De nombreuses entreprises françaises, fragilisées par un contexte économique tendu, s’interrogent sur un phénomène bancaire qui aggrave leur trésorerie. Alors qu’elles attendent le règlement de leurs clients, les virements ne sont souvent crédités qu’en début de semaine suivante, même lorsqu’ils ont été envoyés le vendredi. Dans le même temps, les prélèvements sociaux ou fiscaux continuent d’être exécutés sans délai, y compris le samedi ou le dimanche. Une mécanique jugée inéquitable par les chefs d’entreprise.
Chaque vendredi, des millions d’euros quittent les comptes bancaires des entreprises et des particuliers sans jamais apparaître immédiatement chez leurs destinataires. L’argent est bien débité, mais il n’est crédité que le lundi. Ce phénomène, discret mais systémique, s’explique par le fonctionnement des systèmes de compensation interbancaire européens comme TARGET2, qui ferment le week-end. En clair, un virement initié un vendredi après-midi est mis en attente pendant tout le week-end. L’opération est validée uniquement à la réouverture du système, le lundi matin.
Durant cet intervalle, les fonds ne sont plus disponibles pour l’émetteur et pas encore accessibles au bénéficiaire. L’argent est en transit, logé dans des comptes techniques des banques ou des chambres de compensation. Ce décalage peut avoir des effets concrets : frais d’agios si un compte reste débiteur, rejets de prélèvements, ou simplement dégradation de la trésorerie. Et pendant que l’argent flotte, les prélèvements automatiques – cotisations sociales, impôts ou crédits – eux, peuvent être prélevés un samedi ou un dimanche sans difficulté. Une asymétrie frappante qui soulève la question de l’équité dans le traitement bancaire.
Les banques, de leur côté, défendent ce système. Elles rappellent qu’elles ne sont que les exécutantes d’un cadre européen rigide, qui repose sur le principe des jours ouvrés. Elles soulignent aussi que la fermeture des systèmes de règlement comme TARGET2 pendant le week-end est liée à des impératifs de sécurité, de surveillance et de conformité. Selon elles, une extension à 7 jours sur 7 demanderait une coordination technologique et réglementaire à l’échelle de l’Union européenne. Par ailleurs, elles mettent en avant l’existence de solutions alternatives comme les virements SEPA instantanés, déjà disponibles dans de nombreux établissements bancaires. Ces virements fonctionnent 24h/24, 7j/7, mais sont encore peu utilisés dans le monde professionnel en raison de plafonds, de coûts ou d’une intégration technique incomplète dans les logiciels de gestion comptable.

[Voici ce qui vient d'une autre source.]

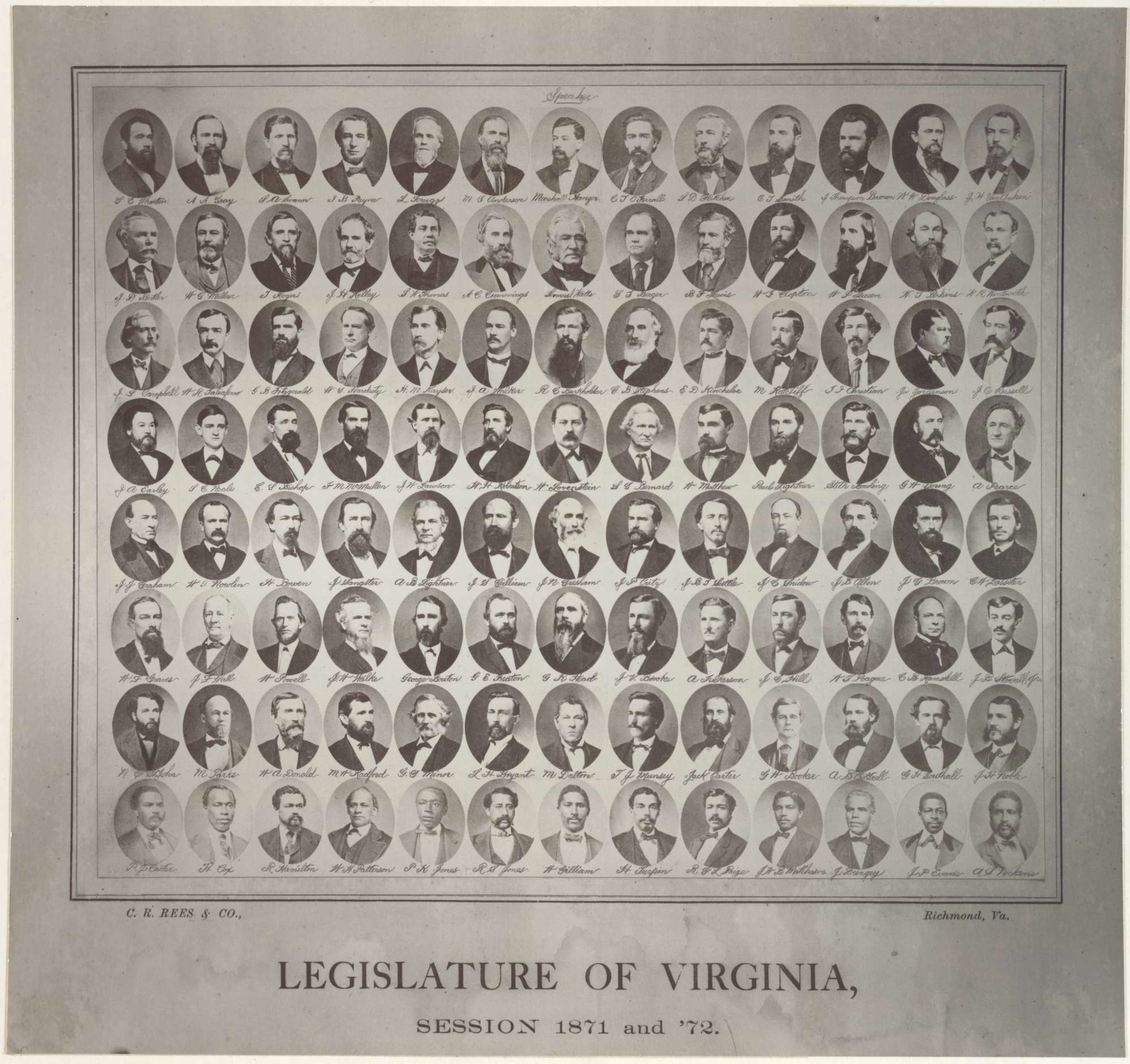 This composite photograph includes 108 of the 132 members of the House of Delegates elected for the term that met in three sessions between December 6, 1871 and April 2, 1873. Thirteen of the African American delegates are included along the bottom row. Later group portraits of assembly members usually excluded African Americans entirely. Among the black legislators shown here, Peter Jacob Carter, first on the bottom row, was at the beginning of a distinguished career in politics. After serving in the United States Army during the Civil War, he won election to the House of Delegates four consecutive times and became a leader in the state's Republican Party. The 1871-1873 term was the second to which African American men were elected. Between 1867 and 1891, nearly one hundred black Virginians served in the two Houses of the General Assembly or in the Constitutional Convention of 1867-1868.

En attendant une évolution du système à l’échelle européenne, les entreprises françaises, notamment les TPE et PME, continueront de faire face à une réalité paradoxale : dans une économie en temps réel, les flux financiers, eux, restent calés sur une logique bancaire du siècle dernier. Pendant ce temps, l’argent débité flotte entre deux dates… et n’est à personne.
Le float bancaire désigne la période pendant laquelle une somme d’argent a été débitée du compte de l’émetteur d’un virement mais n’est pas encore créditée sur le compte du bénéficiaire. Ce décalage, souvent de 24 à 72 heures les week-ends ou jours fériés, résulte de la fermeture des systèmes de compensation interbancaires comme TARGET2. Pendant ce temps, l’argent transite dans des comptes techniques, parfois valorisés par les banques. En clair : l’argent n’est à personne, mais ne dort pas pour tout le monde.